Sidak dilakukan bersama Dandim 0816/ Sidoarjo Letkol. Inf. Abraham Pribadi. Dalam sidak malam itu, Bupati H. Subandi menemukan penjualan miras dengan kadar alkohol yang tinggi. Miras golongan B dengan kandungan alkohol di atas 20 persen tidak boleh 
dijual di toko-toko. 

"Ada tiga ruko yang berjualan minuman keras. Izin yang kita jumpai adalah distributor. 
Kalau izinnya distributor, tentu tidak boleh jualan retail. Distributor adalah gudang untuk penyimpanan minuman. Tadi sudah menyalahi aturan, seperti retail, jualan 
eceran. Itu melanggar aturan," ucapnya. 

Bupati Subandi menyatakan Pemkab Sidoarjo sendiri tidak pernah mengeluarkan izin 
penjualan miras secara eceran. Bupati Subandi juga memastikan tidak akan pernah memberikan izin penjualan miras. Izin distributor penjualan miras diperoleh para 
pedagang lewat izin OSS (Online Single Submission) yang dikelola Kementerian Investasi dan Hilirisasi atau Badan Koordinasi Penanaman Modal (BKPM). 

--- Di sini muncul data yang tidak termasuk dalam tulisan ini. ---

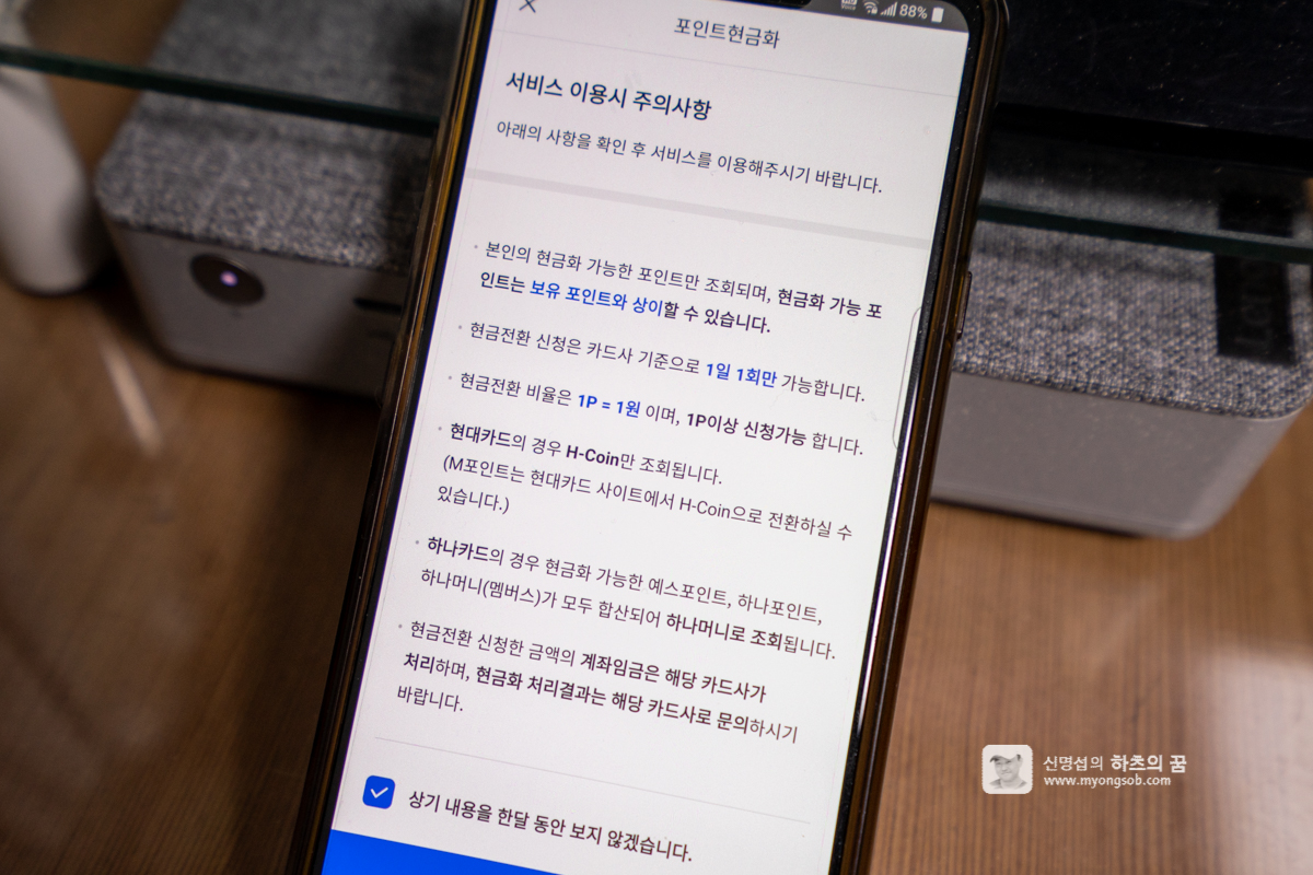 카드 화면의 '포인트 현금화' 메뉴를 누르면 위와 같이 안내 및 주의사항이 니타난다.

"Ini bentuk sosialisasi, antara Forkopimda DPRD. Kita akan sidak setiap hari. Besok kita rapat dengan camat, forkopimda, biar gerak semua. Sidak-sidak di kecamatan yang ada penjual minuman keras, termasuk di warung-warung," ujarnya. 

Dalam sidak kali ini, disita 624 botol miras. Kandungan alkohol miras-miras tersebut di 
atas 20 persen. Penjual miras akan dipanggil untuk menjalani disidang. Toko-tokonya harus tutup.Jika penjualan miras secara dilakukan kembali, seluruh barang dagangannya akan disita. 

"Saya minta kepada masyarakat yang mengetahui ada yang berjualan miras bisa 
dilaporkan kepada kantor kecamatan atau ke Pemkab Sidoarjo," ujarnya.